This study found that the TDM has strong psychometric properties and is valid, based on its development using existing literature and extensive field experience, and is a reliable instrument for measuring perceptions of team development. It is potentially a tool for assisting health care team members understand the extent that attributes of teamwork are present within their group. We used two rounds of testing with two independent groups of teams to assess its psychometric parameters. The initial test was used to conduct the data reduction step and then a second test was conducted to complete a full psychometric analysis of the tool. Importantly, it holds its psychometric strength in groups as small as three members and as large as 30. It was developed and tested in a variety of health care settings including ambulatory, hospital based, and administrative health care teams in both rural and urban environments. The TDM measures four domains, two of which are similar to domains identified in the recent systematic review,14 such as communication and roles/goals. However, the TDM was designed to measure teamwork development and, thus, it also assesses cohesion and team primacy, both of which are crucial to the development of teams. With the increased focus of team-based care as part of the patient-centered medical home,22 and health care reform initiatives in general, the ability to accurately measure team development is vitally important.

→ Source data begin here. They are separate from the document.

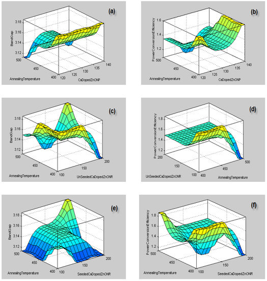 The ranges and membership functions are assigned to the respective inputs and outputs. The range for the input annealing temperature in all the three models is 400–500 °C. For Ca-doped ZnO nanoparticles, the range is 120–140 nm. For unseeded Ca-doped ZnO nanorods and seeded Ca-doped ZnO nanorods, the range for the input is 100–200 nm. The range for band gap was 3.1 to 3.2 eV, and for power conversion efficiency, the range is 1% to 2%. Then, rules for the memberships functions are added to the fuzzy simulations. The numbers of rules is based on the number of input. Figure 3 shows the 3D graphs for the respective Ca-doped ZnO nanostructure-based photoanodes. Figure 3a,b shows the effect of Ca-doped ZnO nanoparticles and annealing temperature on band gap and power conversion efficiency. Figure 3c,d shows the effect of unseeded Ca-doped ZnO nanorods and annealing temperature on band gap and power conversion efficiency. Figure 3e,f shows the effect of seeded Ca-doped ZnO nanorods and annealing temperature on band gap and power conversion efficiency. The increase in particle size and the nanorods diameter directly decreases the band gap. The effect predominantly appears due to the quantum confinement effect.
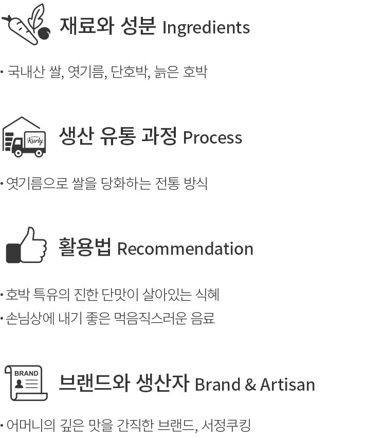 30년간 한식을 연구해 온 서정옥 대표의 비법을 고스란히 담은 서정쿠킹의 느린 호박 식혜를 만나 보세요. 전통 방식 그대로 만들어 풍미가 잘 살아 있답니다. 가마솥으로 지은 밥에 엿기름 물을 푼 뒤,5시간 이상 따뜻한 상태로 두어 엿기름과 밥알이 함께 삭도록 했어요. 국내산 단호박과 늙은 호박으로 자연스러운 단맛을 더했고요. 쌀알의 식감이 살아 있어 그냥 마셔도 맛있지만,살짝 얼려 디저트로 활용해도 좋아요. 식사의 여운을 감미롭게 마무리 지어 주는 역할로 제격이랍니다.
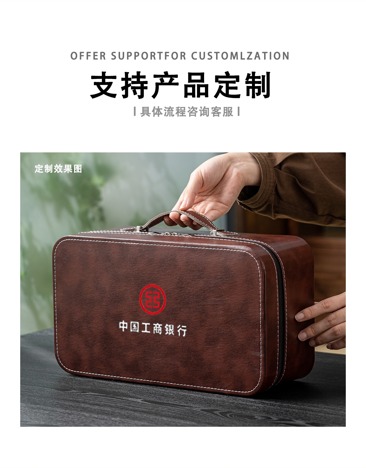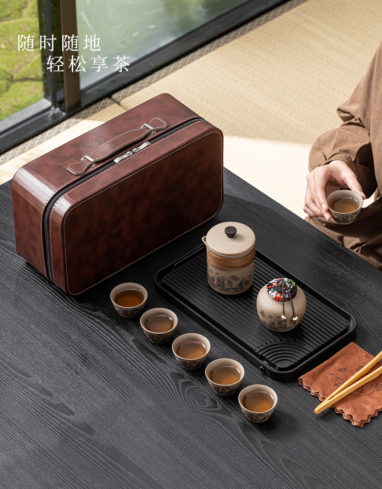 茶具表面绘有山水图案,具有浓郁的中国风;配套的棕色皮质手提箱设计精致,方便携带和存放茶具;山水图案在中国文化中象征着宁静、悠远和自然
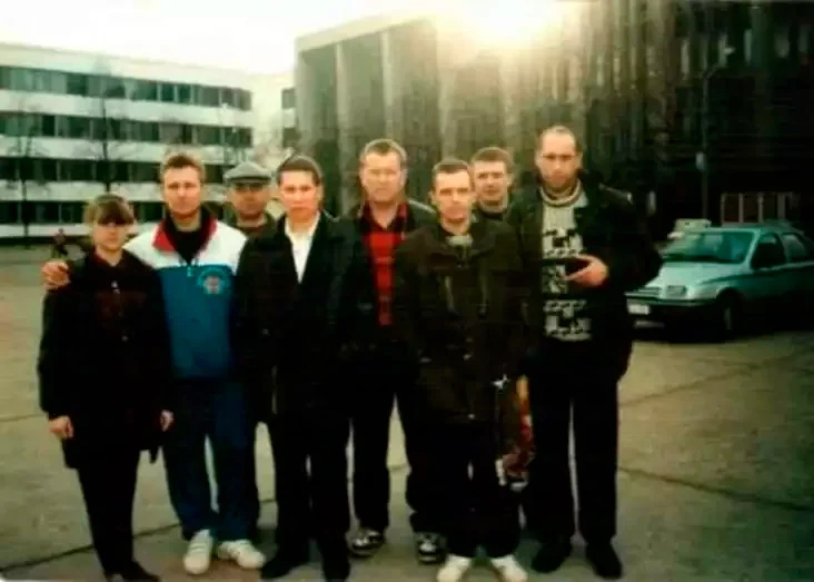 Генадзь Элькінд (цяперашняе яго прозвішча — Скітоў) крайні справа ў кампаніі людзей, некаторых з якіх адносілі да барысаўскага крыміналітэту. Фота: Ежедневнік
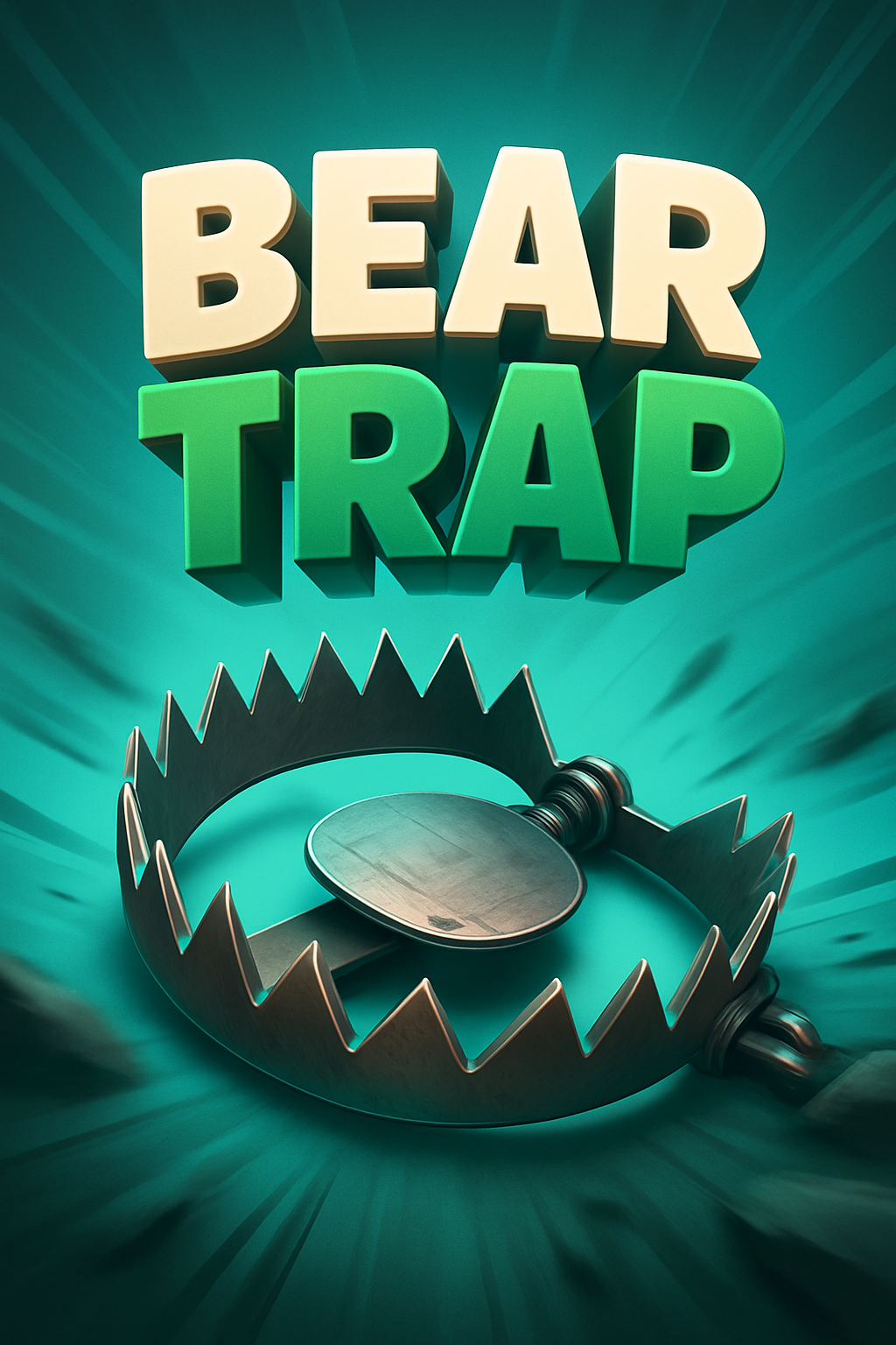A visually striking 3D illustration of a bear trap, featuring bold, layered typography. The dynamic angle and gradient background create an engaging composition.
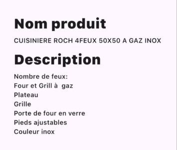 CUISINIERE ROCH 4FEUX 50X50 A GAZ INOX
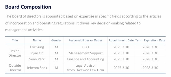 Intellian adheres to internal and external rules and regulations, operating its board of directors accordingly. The board is dedicated to making responsible and ethical decisions, ensuring the protection of the interests of small shareholders as the company grows.
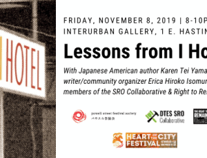 Friday, November 8 from 8-10pm InterUrban Gallery, 1 E. Hastings, entrance on Carrall FREE In this conversation between author Karen Tei Yamashita and writer/community organizer Erica Hiroko Isomura,… More ›
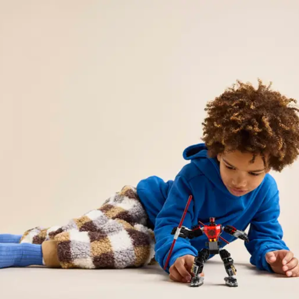 - Traje robótico construible LEGO®: El meca cuenta con manos, brazos, piernas y pies articulados, cabina que se abre con espacio para una minifigura LEGO y, además, una gran espada láser doble roja

This paper presents detailed methods on factor analysis and use of the Rasch approach for score conversion. While the topic of measuring team development is clearly important for family medicine research and practice, the methodological detail provided here may be difficult to understand and interpret without training in psychometrics. We have provided this detail because instrument design, development, and testing contributes to reliability and validity of measures, which are important for accuracy. Family physicians often work with teams of investigators, including biostatisticians, as part of their scholarly work. We hope this paper will foster the use of a common language to make it easier to dialogue about instrument testing. We were unable to provide a tutorial on factor analysis and Rasch modeling in this paper due to space constraints, but we do provide citations that can be used for further study.20,21

The development of accurate tools to measure team-based care, as well as other aspects of health care reform, are important to academic family medicine for a number of reasons. First of all, educators in family medicine lead the development of training programs that promote team-based care, which includes teamwork as a critical component, especially in the development of primary care medical homes. Assisting our student and resident learners in understanding and improving the domains of effective practice teamwork is critical to our educational mission to prepare them to be leaders in their health care practice and community. Secondly, research in team-based care needs to be core to the mission of family medicine’s academic institutions emphasizing accurate measurement of team development and creating best methods for developing teams. Finally, the use of factor analysis and Rasch measurement methods in this study will hopefully encourage others in the academic family medicine research fields to consider these types of survey development and scoring methods.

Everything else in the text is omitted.